He could feel the perspiration coating both their bodies now. Her nails were digging into his thigh, a sharp little pain to keep him centered amid the pleasure.
“Are you ready for me, Chay? I’m going to take you hard. I’m going to take you so hard and deep you’ll think you’re dying. Then, before the last tremor is gone, I’m going to take you again. Over and over again, until you feel all that love burning and heating inside you. You hear me, sweetheart? We’re going to find all that love.”
She cried out his name. The sound of her voice, dazed and thick with the pleasure he was giving her, was almost, just almost, enough to send him over the edge right then. He had to clench his teeth, had to fight to hold back his release. But he knew holding back wasn’t going to happen for long.

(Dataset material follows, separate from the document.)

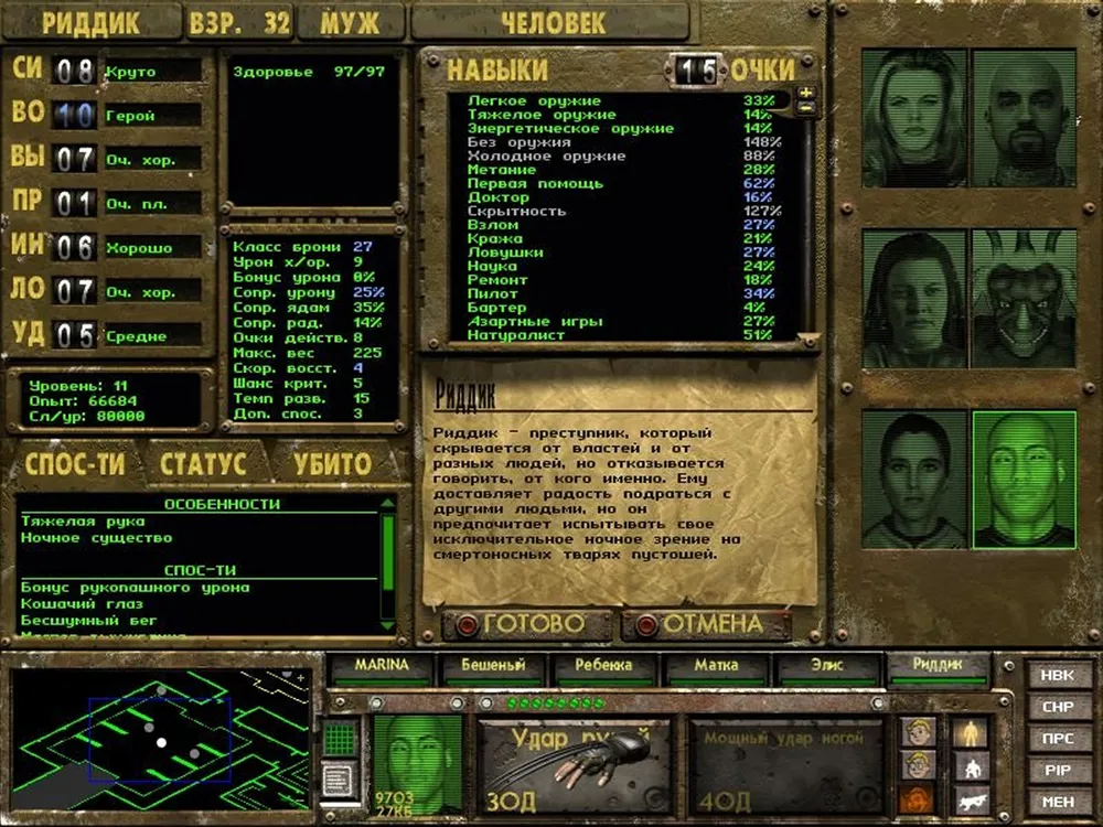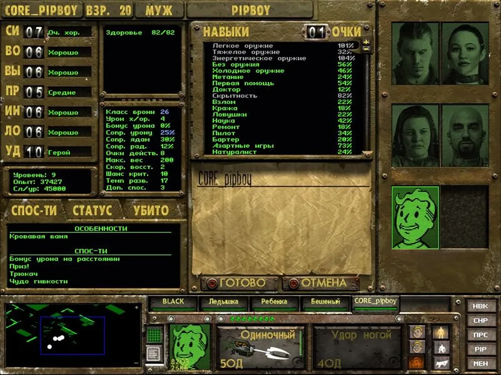 Вот мы и подошли к одной из самых интересных особенностей Fallout Tactics — накоплению очков опыта и навыков. Мастера Fallout 2 наверняка помнят, что попытка отложить навык до появления в колонке выбора чего-либо более интересного заканчивалась его исчезновением через следующие три уровня. Правда, ситуацию можно было исправить, изменив параметры героя с помощью медицинских спецсредств и взяв появившийся нужный навык. В Fallout Tactics трюк с химией не работает, но он и не нужен. Просто не берём навык на 3-м, 6-м, 9-м уровнях. Они не пропадают, а ждут своего часа. Точно так же дело обстоит с очками опыта: они доходят до 99, но не обнуляются, как в Fallout 2, а продолжают накапливаться дальше. Какие преимущества это даёт?

Gripping her hips firmly, he began to move. He started slow and easy, but slow and easy wasn’t what either of them needed. She needed to burn through her pain and he needed to guide her through the heat. He needed to feel her come apart around him, shattering with the ecstasy as she shattered with hers.
Within seconds, the thrusts built. He was slamming against her, burying his cock inside her with blinding, furious strokes as she begged for more. For harder. Harder, stronger, until he heard her wail fill his head and felt her pussy, like a fist tightening on his cock, milking it, pulling his release from him, tearing through him with fire and lightning.
“Ah hell!” He barely recognized his own voice. “Chay. Ah God, baby, yes, take it. Take all of me.”
He poured himself into her as he felt the contractions of her pussy spill her release around him. Deep, violent spurts of semen tore from the head of his cock, the racing pleasure tearing through his body as he thrust against her, buried himself deeper, and felt stars exploding in his head as she cried out his name.
He collapsed over her, his knees weak, and damn if he wasn’t starting to feel as exhausted as she had looked earlier.
The contractions flexing around his cock were easing, and as he kissed her shoulder, he smiled.
“You know what, sweetheart?” he drawled.
“Hmm.” She was boneless beneath him, sated, relaxing.
“You know you are so pregnant now, don’t you?” Pride flared deep and strong inside him, and he swore he was growing hard again. “See? I told you, the thought of making babies with you just makes me harder.”
No sooner had Chaya showered and eaten the impromptu meal Natches had waiting for her than his family converged on them. Rowdy and his wife, Kelly; Dawg and his wife, Crista; and their uncle Ray and his wife, Maria. And Crista’s brother, Alex Jansen.
Chaya knew Alex Jansen fairly well—he was better known as Timothy Cranston’s muscle, though Chaya doubted the Mackays knew that. And from the warning look he had thrown her, he didn’t want it known, either.
Oh, how tangled this little web was becoming. She knew Alex could report back to Timothy and cause her more trouble than she wanted to face, but she also knew the man’s incredible loyalty to his little sister, Crista.
Which way would Alex’s loyalty swing in this one though?
As the men converged on the beers Natches had stacked in an ice-filled cooler and the women came bearing snacks, sandwiches, and chips, Chaya got a look into the relationships between the Mackays, their wives, and the uncle that had more or less raised all of them.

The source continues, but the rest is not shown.